Ashra chuckles again. “That’s why I laughed! I was wondering the same thing, and then I realised: none of them ever held a shovel in their lives. We weren’t that sort of family.” Ivy gives her a look Ashra can’t parse. “If I’d asked them to dig a hole for me, they would have laughed me out of the room, or more likely paid someone to dig it for them. And that’s just it, isn’t it?”
“What is?”
“This isn’t my family. My family died in a house, far away from here, decades ago. Because they wouldn’t cut a deal with some jumped-up trading company, who went and hired someone to butcher them in their home to teach people the price of doing business.”
Ivy says nothing.
Ashra shakes her head. “I know it’s not them anymore. I’ve always known that. But I’ve never been able to let them go. That night made me who I am, and... I suppose I have to be grateful for that, in a way. But that ends now. I have to let tonight make me someone new.”

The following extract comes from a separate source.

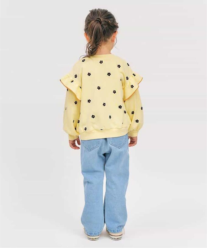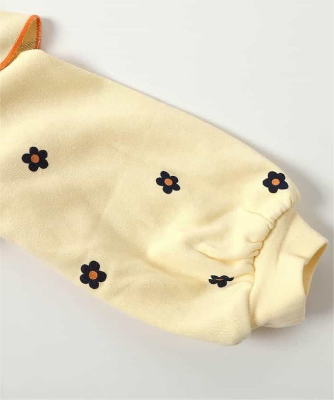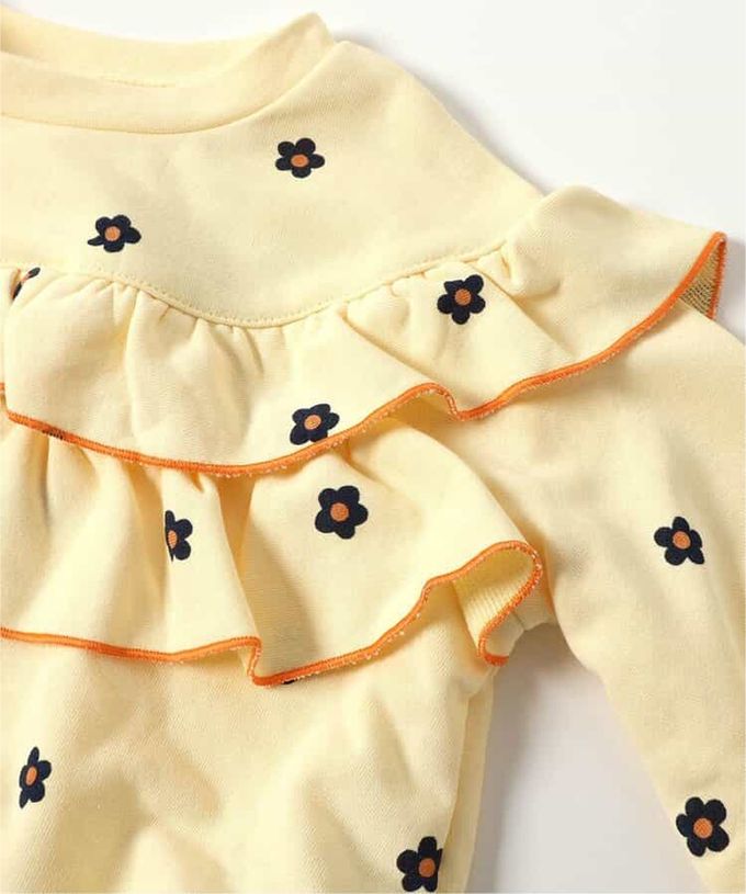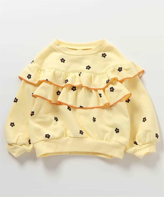 日本 apres les cours - 甜美摺邊滿版花朵裏毛長袖上衣-奶油黃

The undead stake their shovels to stand upright in the snow and turn as one to Ashra, awaiting their next – their last – instruction.
She sweeps over to the zombie on the left and clasps its head. Its flesh – what remains of it after all these years, what hasn’t been replaced or regrown by her necromancy – has been frozen solid by the winds of the dale.
Ashra hasn’t looked into their faces for a long time. She’s spent years learning not to see their faces as they are now.
“Thank you,” she says. “You who once were Kevan, thank you. Now rest. It is time to rest.”
The zombie steps down into the hole it has dug for itself. Ashra takes up the shovel and covers it over with snow and ice. A thin layer – all she has the strength for – but enough. The glacier will take care of the rest.
She turns to the next.
§§§
When she’s finished, she takes the dark, intagliated brooch from her lapel and places it on the ice to mark the six graves. She finds a frost-coated stone and slips it into her pocket, and, at last, turns away.
“Goodbye.”
And Ashra, Ivy, and Aspen set out across the ice once more, dreaming of sun-kissed beaches.